| Task |
A faithful copy is required of the lines from the top of the entries through the line that contains "- 【Durability】: Constructed", both included, with no pictures.

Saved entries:
-=-=-

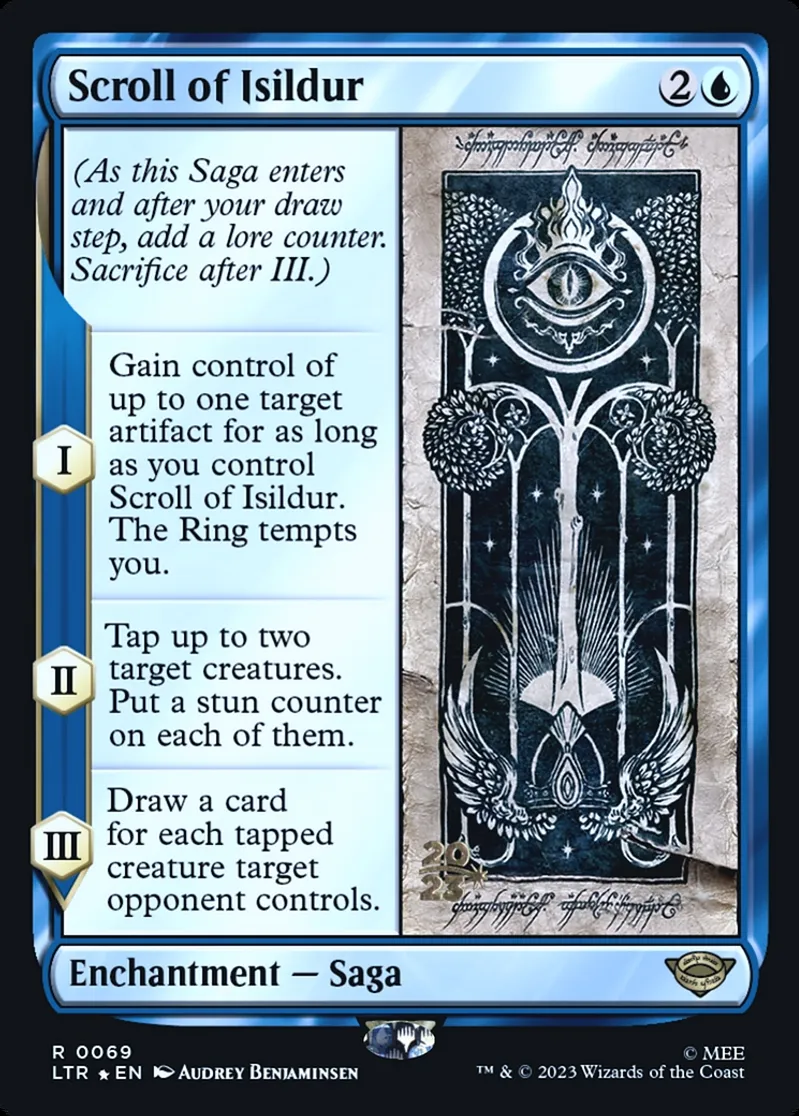 I — Gain control of up to one target artifact for as long as you control Scroll of Isildur. The Ring tempts you.
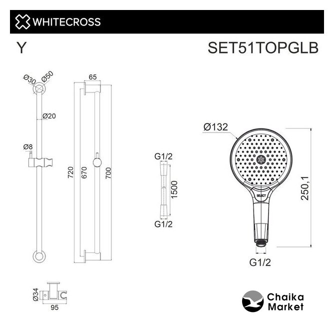 душевой гарнитур (без верхнего душа), настенный монтаж, механический смеситель, ручной душ 132 мм
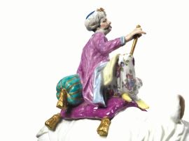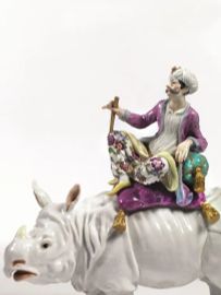 Statuina, Meissen, sec. XX, in porcellana bianca modellata come un rinoceronte cavalcato da una figura di turco in policromia, alt. cm 22,5
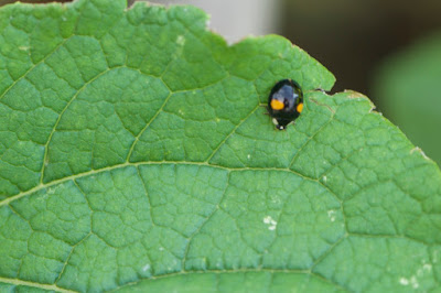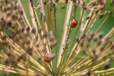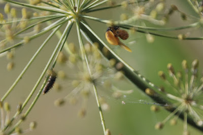 | 相変わらずディルの種のところには、テントウムシもその幼虫もいる。 蛹から丁度羽化が終わった個体は、中羽根が出た状態だ。 |
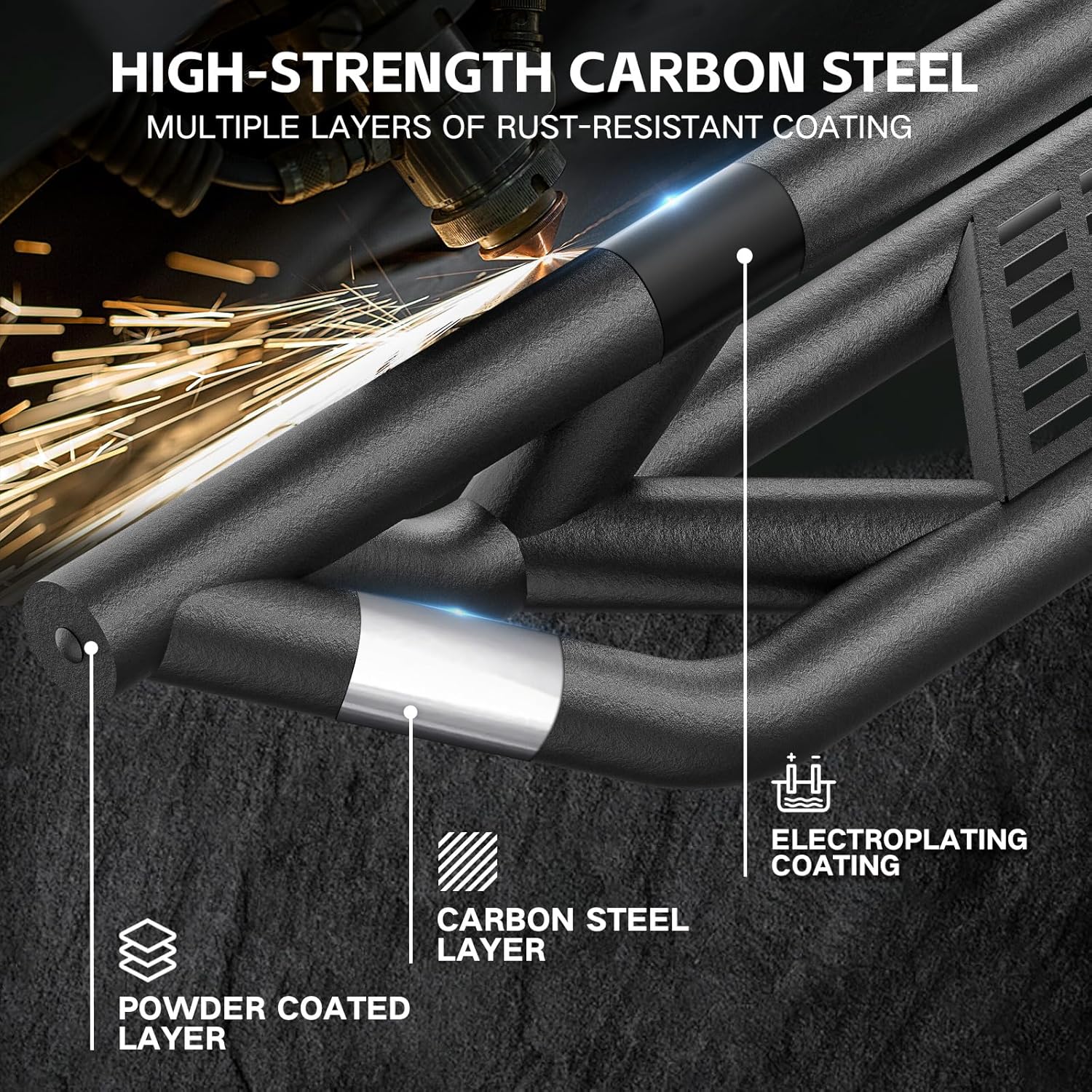 - 【Durability】: Constructed from heavy-duty 2.0" tubular steel, with a dual-beam system that offers maximum protection from the bottom. Can withstand a weight of up to 550 pounds. Features a textured powder coating for excellent rust and corrosion resistance.
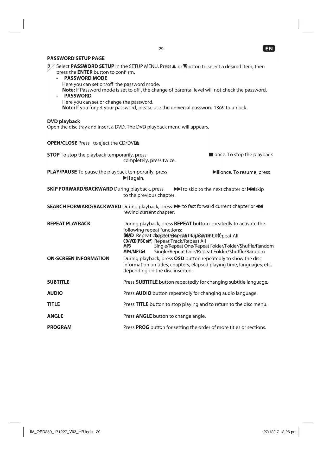 - PASSWORD Here you can set or change the password. Note: If you forget your password, please use the universal password 1369 to unlock. DVD playback Open the disc tray and insert a DVD. The DVD playback menu will appears. OPEN/CLOSE Press to eject the CD/DVD. STOP To stop the playback temporarily, press once. To stop the playback completely, press twice. PLAY/PAUSE To pause the playback temporarily, press once. To resume, press again. SKIP FORWARD/BACKWARD During playback, press to skip to the next chapter or to skip to the previous chapter. SEARCH FORWARD/BACKWARD During playback, press to fast forward current chapter or to rewind current chapter. REPEAT PLAYBACK During playback, press REPEAT button repeatedly to activate the following repeat functions: DVD Repeat chapter/Repeat title/Repeat o CD/VCD(PBC off ) Repeat single/Repeat all/Repeat o MP3/MP4/MPEG4 Repeat single/Repeat folder/Repeat o ON-SCREEN INFORMATION During playback, press OSD button repeatedly to show the disc information on titles, chapters, elapsed playing time, languages, etc. depending on the disc inserted. SUBTITLE Press SUBTITLE button repeatedly for changing subtitle language. AUDIO Press AUDIO button repeatedly for changing audio language. TITLE Press TITLE button to stop playing and to return to the disc menu. ANGLE Press ANGLE button to change angle. PROGRAM Press PROG button for setting the order of more titles or sections. DVD Repeat chapter/Repeat title/Repeat All CD/VCD(PBC o) Repeat Track/Repeat All MP3 Single/Repeat One/Repeat Folder/Folder/Shue/Random MP4/MPEG4 Single/Repeat One/Repeat Folder/Shue/Random IM_OPD250_171227_V03_HR.indb 29 27/12/17 2:26 pm30
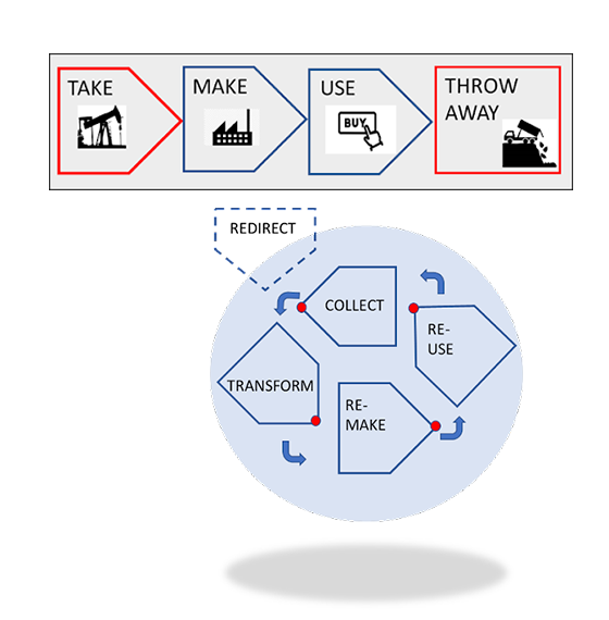 This resource is available for use by people, animals, vegetation-all who need it. If left to function properly, the water evaporates, precipitates, runs through streams, is filtered by earth, and returns to the ocean ready to evaporate again. All along that cycle, it serves a variety of purposes, but there are systems in place to ensure constant cleaning and replenishment. The resource is not diminished through use. Human intervention has caused some grave damage to these and other natural systems, but the point is the elegance and durability of the natural structures. To avoid scarcity of resources on the one hand (and the resulting health, equity, violence, and other impacts) and to face our ever-growing waste management problem on the other, we must re-imagine our economic systems. We must move in a direction that reduces waste and allows natural systems to regenerate and replenish themselves: we need to live in circular, self-sustaining systems, just like those of nature.
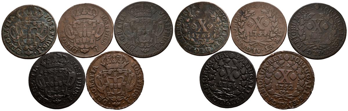 PORTUGAL. Set of 5 coins of X Reis minted under the reign of José I (1750-1777). Different states of conservation. To examine
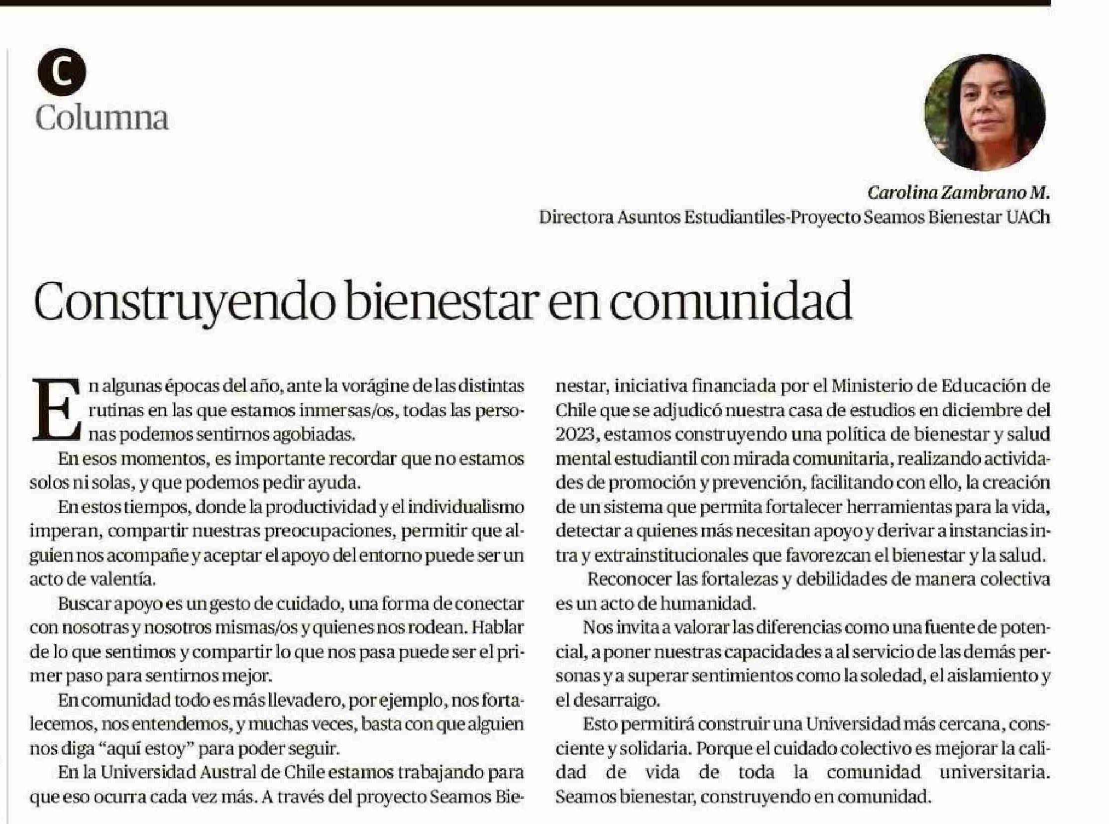 COLUMNAS DE OPINIÓN: Construyendo bienestar en comunidad

-=-=-

| Response to the exercise |
 I — Gain control of up to one target artifact for as long as you control Scroll of Isildur. The Ring tempts you.
 душевой гарнитур (без верхнего душа), настенный монтаж, механический смеситель, ручной душ 132 мм
 Statuina, Meissen, sec. XX, in porcellana bianca modellata come un rinoceronte cavalcato da una figura di turco in policromia, alt. cm 22,5
 | 相変わらずディルの種のところには、テントウムシもその幼虫もいる。 蛹から丁度羽化が終わった個体は、中羽根が出た状態だ。 |
 - 【Durability】: Constructed from heavy-duty 2.0" tubular steel, with a dual-beam system that offers maximum protection from the bottom. Can withstand a weight of up to 550 pounds. Features a textured powder coating for excellent rust and corrosion resistance.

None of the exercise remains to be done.